• [HOW TO COMPLETE THIS TASK]
Copy, word for word, the lines of the entries below between the one with "Romux Kühlschrank ABS" and the one with "Фотошпалери Абстрактна текстурована", inclusive, and leave out everything else.

• [DATA RECORDS]
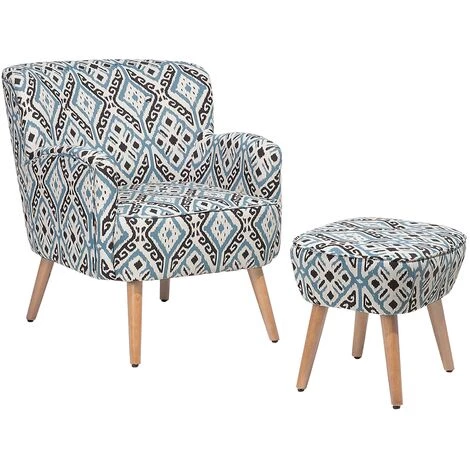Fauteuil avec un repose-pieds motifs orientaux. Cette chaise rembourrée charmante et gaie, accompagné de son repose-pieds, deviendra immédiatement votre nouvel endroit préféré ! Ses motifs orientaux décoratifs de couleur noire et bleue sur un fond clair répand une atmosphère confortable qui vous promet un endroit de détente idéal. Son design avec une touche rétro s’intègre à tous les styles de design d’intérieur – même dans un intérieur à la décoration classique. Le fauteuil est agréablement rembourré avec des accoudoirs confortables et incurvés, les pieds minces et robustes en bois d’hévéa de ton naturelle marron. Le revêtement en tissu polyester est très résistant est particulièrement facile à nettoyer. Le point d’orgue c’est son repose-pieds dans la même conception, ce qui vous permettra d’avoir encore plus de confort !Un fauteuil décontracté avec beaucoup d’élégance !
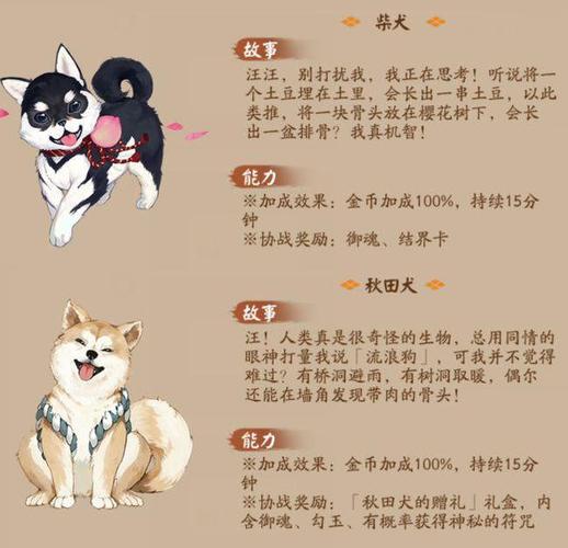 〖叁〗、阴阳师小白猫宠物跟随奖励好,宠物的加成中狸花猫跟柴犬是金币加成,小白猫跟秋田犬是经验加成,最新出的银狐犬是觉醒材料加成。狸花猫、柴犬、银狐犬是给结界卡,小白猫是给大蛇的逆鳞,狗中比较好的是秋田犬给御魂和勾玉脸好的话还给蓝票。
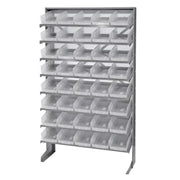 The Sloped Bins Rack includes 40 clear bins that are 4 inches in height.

---

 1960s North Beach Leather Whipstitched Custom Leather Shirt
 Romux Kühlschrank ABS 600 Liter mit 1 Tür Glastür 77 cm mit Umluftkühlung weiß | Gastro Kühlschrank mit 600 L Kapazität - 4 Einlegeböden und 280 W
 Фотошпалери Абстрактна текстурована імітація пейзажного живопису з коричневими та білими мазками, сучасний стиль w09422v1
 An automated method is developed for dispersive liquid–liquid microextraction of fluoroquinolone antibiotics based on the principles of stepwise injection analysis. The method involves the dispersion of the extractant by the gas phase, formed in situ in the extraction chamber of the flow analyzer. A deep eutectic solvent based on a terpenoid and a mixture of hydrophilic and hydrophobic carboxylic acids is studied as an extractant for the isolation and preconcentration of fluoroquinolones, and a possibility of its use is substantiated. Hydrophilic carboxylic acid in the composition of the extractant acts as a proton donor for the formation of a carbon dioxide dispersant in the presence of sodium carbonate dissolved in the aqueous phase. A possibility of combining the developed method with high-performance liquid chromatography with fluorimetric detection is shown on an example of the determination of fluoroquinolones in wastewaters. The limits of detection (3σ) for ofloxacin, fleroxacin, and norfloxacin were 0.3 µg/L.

...

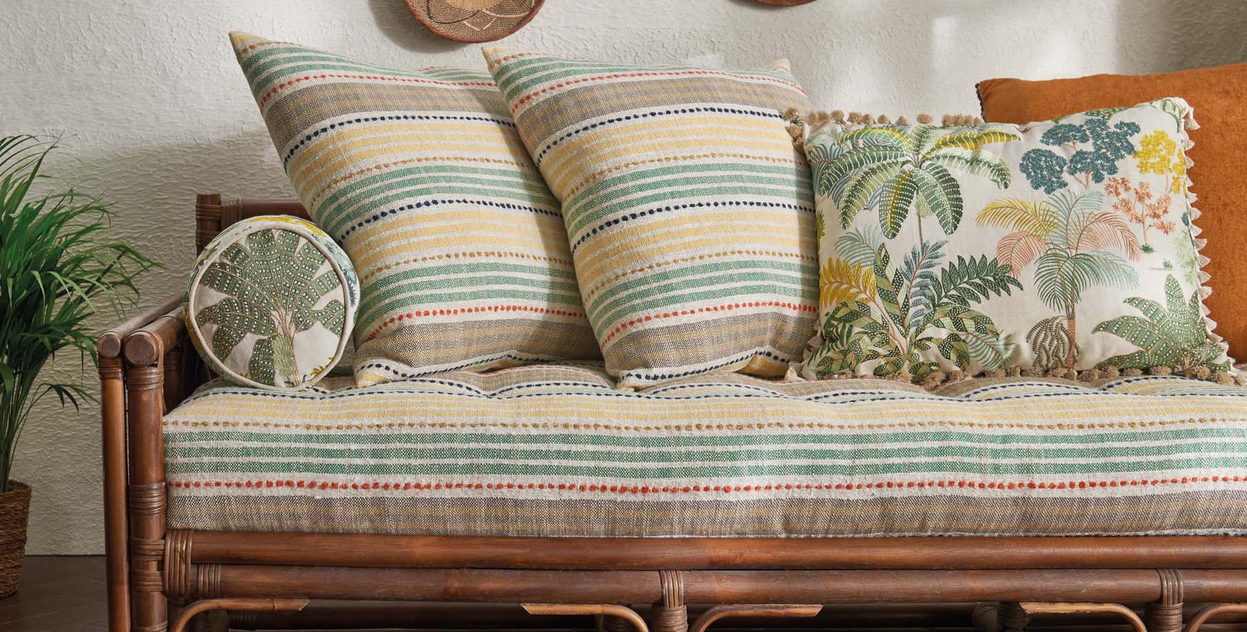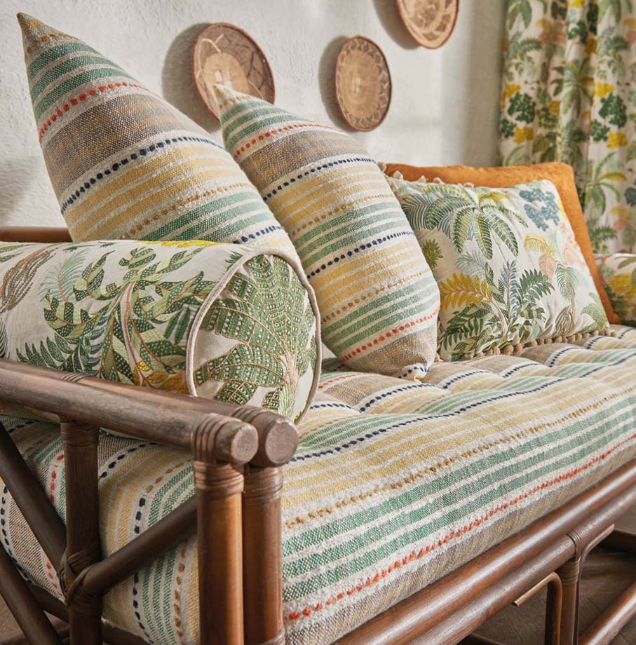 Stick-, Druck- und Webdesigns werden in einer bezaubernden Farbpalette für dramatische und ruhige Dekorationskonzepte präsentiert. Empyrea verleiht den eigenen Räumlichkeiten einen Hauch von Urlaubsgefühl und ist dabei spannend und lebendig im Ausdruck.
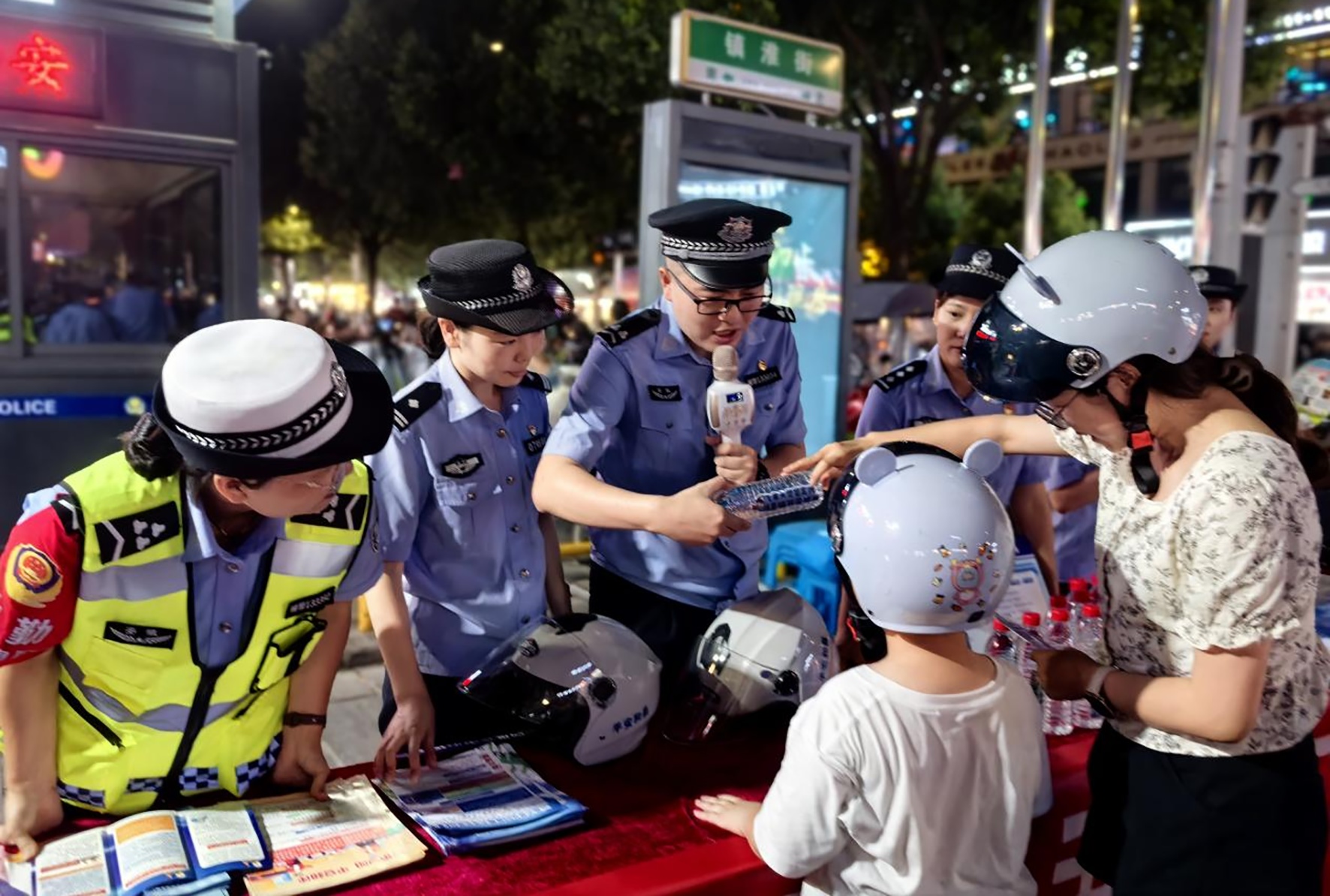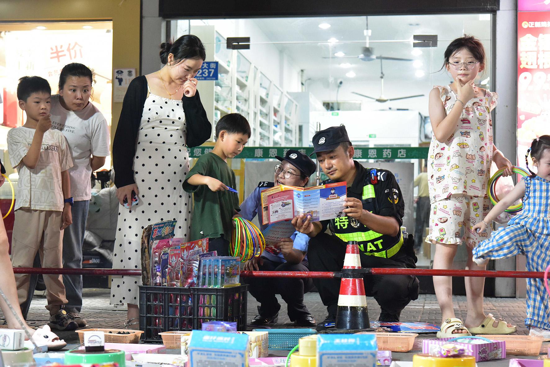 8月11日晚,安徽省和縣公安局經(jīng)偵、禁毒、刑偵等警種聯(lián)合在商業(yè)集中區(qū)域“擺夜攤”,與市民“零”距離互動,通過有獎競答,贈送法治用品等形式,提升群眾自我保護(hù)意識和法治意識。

• [RESULT OF THE TASK]
 Romux Kühlschrank ABS 600 Liter mit 1 Tür Glastür 77 cm mit Umluftkühlung weiß | Gastro Kühlschrank mit 600 L Kapazität - 4 Einlegeböden und 280 W
 Фотошпалери Абстрактна текстурована імітація пейзажного живопису з коричневими та білими мазками, сучасний стиль w09422v1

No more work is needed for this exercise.